DEV Community

Teresa N. Fontanella De Santis
Teresa N. Fontanella De Santis

Posted on • Updated on

Curl issue: SSL certificate problem: certificate has expired

In the following article we'll cover a common certificate issue faced with cURL application. curl is a command line client URL, which provides us the response of a given request for any HTTP(S) method. After this introduction, let's go deep into our issue...

Issue

When trying to execute a curl command to a specific site, like curl https://airlabs.co/api/v9/ping.json it is giving the following error:

“curl: (60) SSL certificate problem: certificate has expired
More details here: https://curl.haxx.se/docs/sslcerts.html

curl failed to verify the legitimacy of the server and therefore could not establish a secure connection to it. To learn more about this situation and how to fix it, please visit the web page mentioned above.”

The same url is working fine on any browser, and we have the openssl library installed on our server,

Root cause explanation

CURL certificate stored on the server has expired. So we need to obtain the updated certificate for the site and replace it in the certificates’ system folder.

Resolution steps

  1. First make sure you have wget installed on your server.
    You can install it on Mac using brew install wget.
    For Ubuntu, you can use apt install wget.
    For CentOS/RHEL, you can use yum install wget.
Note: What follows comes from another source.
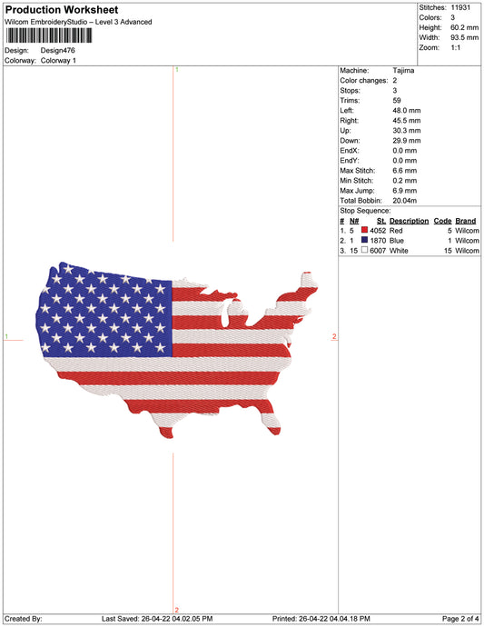 United States of America Map Flag Embroidery Design Files - 9 Size's

  2. Download the updated curl’s SSL certificate (from site curl.se), doing: wget https://curl.se/ca/cacert.pem
    The certificate will be downloaded as cacert.pem file. Then, you can execute the curl command with the flag --cacert <path_to_cacert.pem_file>.
    For example: curl --cacert ./cacert.pem https://airlabs.co/api/v9/ping.json
    If the certificate file is a valid one, the error should have disappeared. As we don’t want to add the --cacert flag for every curl command, we’ll go to the next step.
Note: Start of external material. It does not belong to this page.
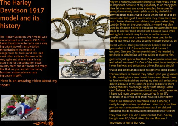 Hey im a Harley Davidson Motorcycle from WW1, I was so important because of my capability to do many jobs. Here let me show you some examples, I was used for going down windy countryside roads by the british army because there stupid trucks where not able to go on rads ike that, gosh I hate trucks they think there soo much better than us motorbikes, but guess what they cant do. Drive on the countryside, anyway I was also used by dispatch riders to transport messages from one place to another like I said before because I was small and agile it made it easy for me to not be seen or caught, ok now back to everything I was used for in World War One. I was also used by military police as an escort vehicle, I bet you will never believe this but guess what in 1918 towards the end of the war I escorted Georges Clemenceau himself, He needed to get back to britain fast so I was called to escorte him. I guess i'm just special like that. Any way more about me and what I was used for. One of the most important jobs I ever had was and ambulance driver. Because stupid trucks and ambulances could not get into some places that we where in the war they called upon you guessed it. Me. looking back now I must have saved about three or four hundred soldiers during my time as I ambulance driver. Because of me soldiers got to go back to there loving families, ok enough sappy stuff. Oh My Gosh I can't believe I forgot to mention all my cool accessories. I have had many awesome accessories in my life because of all of the jobs that I have had. During my time as an ambulance motorbike I had a sidecar, It really brought out my handlebars. I also had a machine gun on me at one point but know that I am old and locked up inside this museum somewhere in Missouri they took it off. Oh, did I mention that the U.S army bought over 80,000 of bikes like me. Man was I important to World War One.
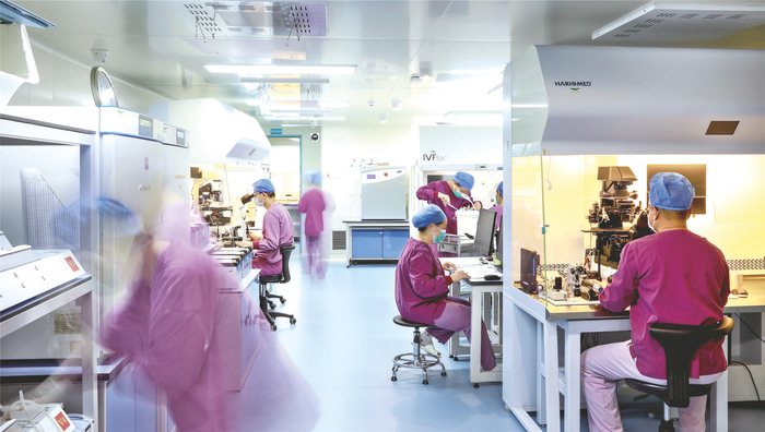 ◀南宁市第二人民医院生殖医学中心实验室里,生殖医学博士团队忙碌其中,探索实施广西区域生殖医学中心建设。

  3. Replace the updated certificate on the certificates’ system folder. To get the folder path, execute the openssl version -a on your terminal. You’ll see something similar to this (it may vary according to the OS configuration).
    Image description
    The OPENSSLDIR folder is the folder where the certificates are stored by default; so copy it to the clipboard.

    Then, copy (or move) the certificate into that folder. In our example, it can be:
    cp cacert.pem <OPENSSL_DIR>

After that, if we execute our curl command again, it will work as expected!